De même, l’accompagnement social, bien que présent au dépôt du dossier dans de nombreuses situations, reste un élément d’amélioration lors de la mise en œuvre des mesures, y compris lorsque cela est préconisé par la commission, car son absence expose à des difficultés dans leur application (incompréhension du plan ou des mesures, problème de mise en place des remboursements) et de ce fait entraîne des redépôts de dossiers. Cette amélioration est rendue difficile dans certaines zones géographiques compte tenu du nombre de travailleurs sociaux disponibles.

Dans ce cadre, en 2024, les secrétariats des commissions de surendettement se sont fixé pour objectif d’appeler 80 % des personnes ayant obtenu un plan ou des mesures avec un échéancier de remboursement, afin de leur expliquer la mise en œuvre des mesures.

Des difficultés de traitement de certaines créances sont signalées dans le cas où leur recouvrement a été confié à un cabinet spécialisé ou à un huissier, notamment le non‑respect de la suspension des poursuites durant la phase d’instruction du dossier, ou lorsque les créances ont été cédées.
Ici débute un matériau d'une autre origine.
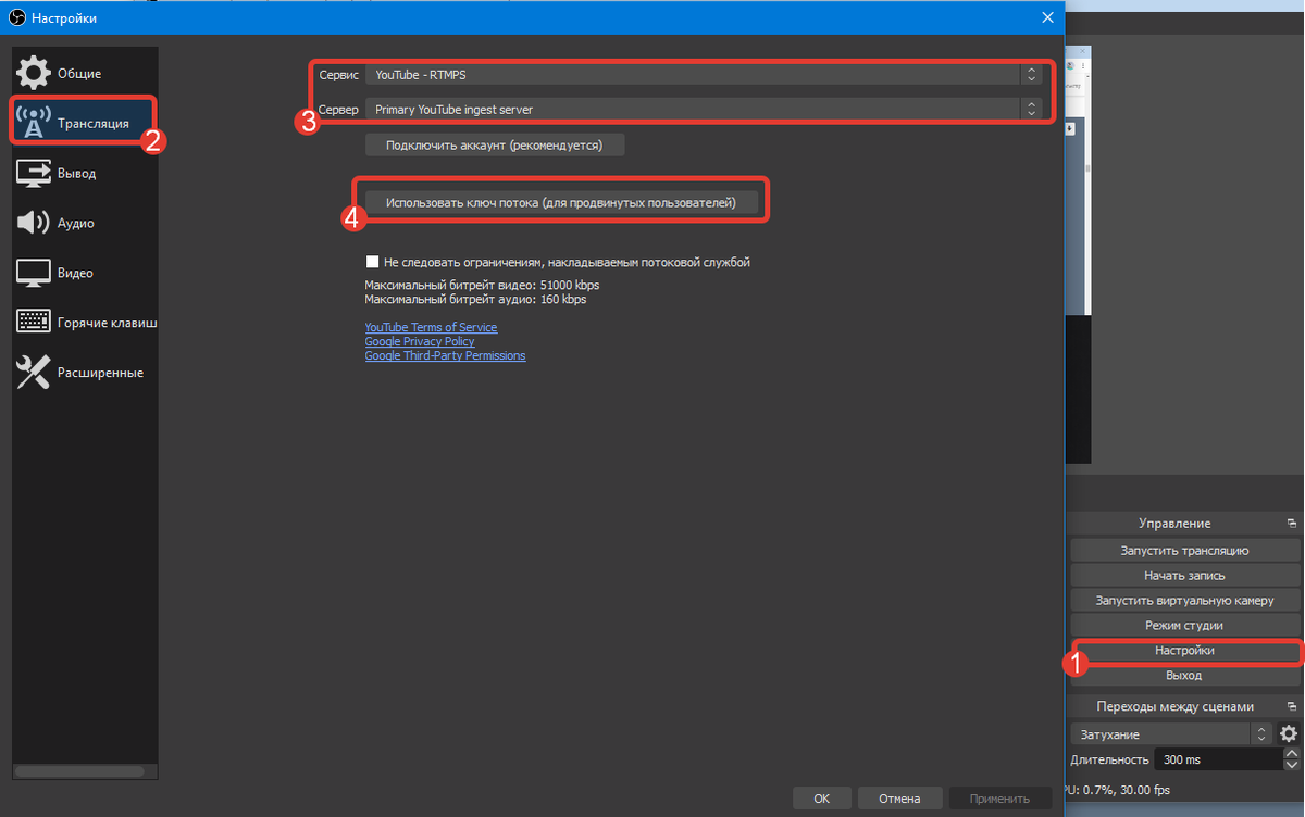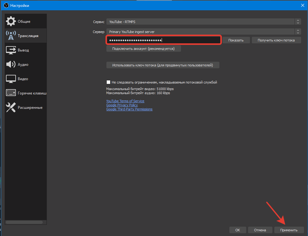 Далее скопируйте ключ трансляции из творческой студии Youtube, откройте настройки OBS studio и на вкладке «Трансляция» вставьте ключ. Примените изменения.

Il est ainsi parfois difficile d’identifier le propriétaire de la créance. Ensuite, les débiteurs éprouvent des difficultés à mettre en place leur plan ou leurs mesures lorsque des dettes ont été cédées par certains créanciers à un organisme ou à une société spécialisée dans le rachat de créances qui n’a pas été informée de l’existence du dossier de surendettement.
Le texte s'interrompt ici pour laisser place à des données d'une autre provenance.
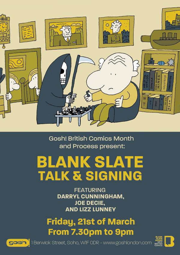 Our Steven runs a monthly night called Process, where working and aspiring comics artists and writers get together and (you’ve probably guessed it by now) talk about their work process. As part of British Comics Month, March will see a Blank Slate themed affair, with Darryl Cunningham (Science Tales, Uncle Bob Adventures), Joe Decie (The Accidental Salad) and Lizz Lunney (Take Away), all talking about their own comics-making methods, chaired by Woodrow Phoenix. Creators will also be available to sign books after the talk!

Des difficultés sont remontées régulièrement au secrétariat des commissions par des débiteurs :

• Qui doivent restituer le véhicule pour lequel ils ont souscrit un contrat de location avec option d’achat (LOA), alors que ledit véhicule leur est nécessaire pour exercer leur activité professionnelle. Lorsque la capacité de remboursement est positive, suffisante pour payer le loyer de LOA, mais ne permet pas de régler l’ensemble des dettes, la commission peut, sur examen du dossier, demander le maintien du véhicule et effacer partiellement ou totalement les autres dettes. Par contre, lorsque la capacité de remboursement est positive, mais insuffisante pour payer le loyer de la LOA, la commission propose au débiteur l’option d’un microcrédit pour l’achat d’un véhicule d’occasion, lui permettant ainsi de conserver son emploi. Par ailleurs, en cas de demande de restitution du véhicule ou d’un autre bien en LOA ou en location longue durée (LDD), des frais prévus au contrat viennent alourdir les sommes restant dues par le débiteur ;

• Qui n’arrivent pas à faire respecter par leurs créanciers les mesures d’effacement total ou partiel de dette validées par la commission ou le juge. C’est aussi ponctuellement le cas des créanciers non déclarés par les débiteurs dans le cadre des procédures de rétablissement personnel ;

• Qui sont concernés par l’illectronisme et ont des difficultés à récupérer leurs demandes de justificatifs ou de droits (aide personnalisée au logement [APL] par exemple), car la plupart des demandes se réalisent désormais uniquement en ligne ;

• Qui doivent déménager à la demande de la commission lorsque le loyer est trop élevé. La difficulté est observée dans différents départements français où soit le secteur locatif est en tension dans certaines communes, soit le logement social inexistant.

Par ailleurs, certains banquiers teneurs de compte, lorsqu’ils sont informés du dépôt d’un dossier, ne proposent pas systématiquement l’offre « clientèle fragile » aux personnes surendettées, alors qu’il s’agit d’une obligation légale.

La mise en œuvre des procédures de rétablissement personnel avec liquidation judiciaire s’avère toujours difficile. En dépit du recrutement de mandataires judiciaires sur quelques places, les procédures restent ouvertes très longtemps, les plus anciennes datant de 2007‑2008.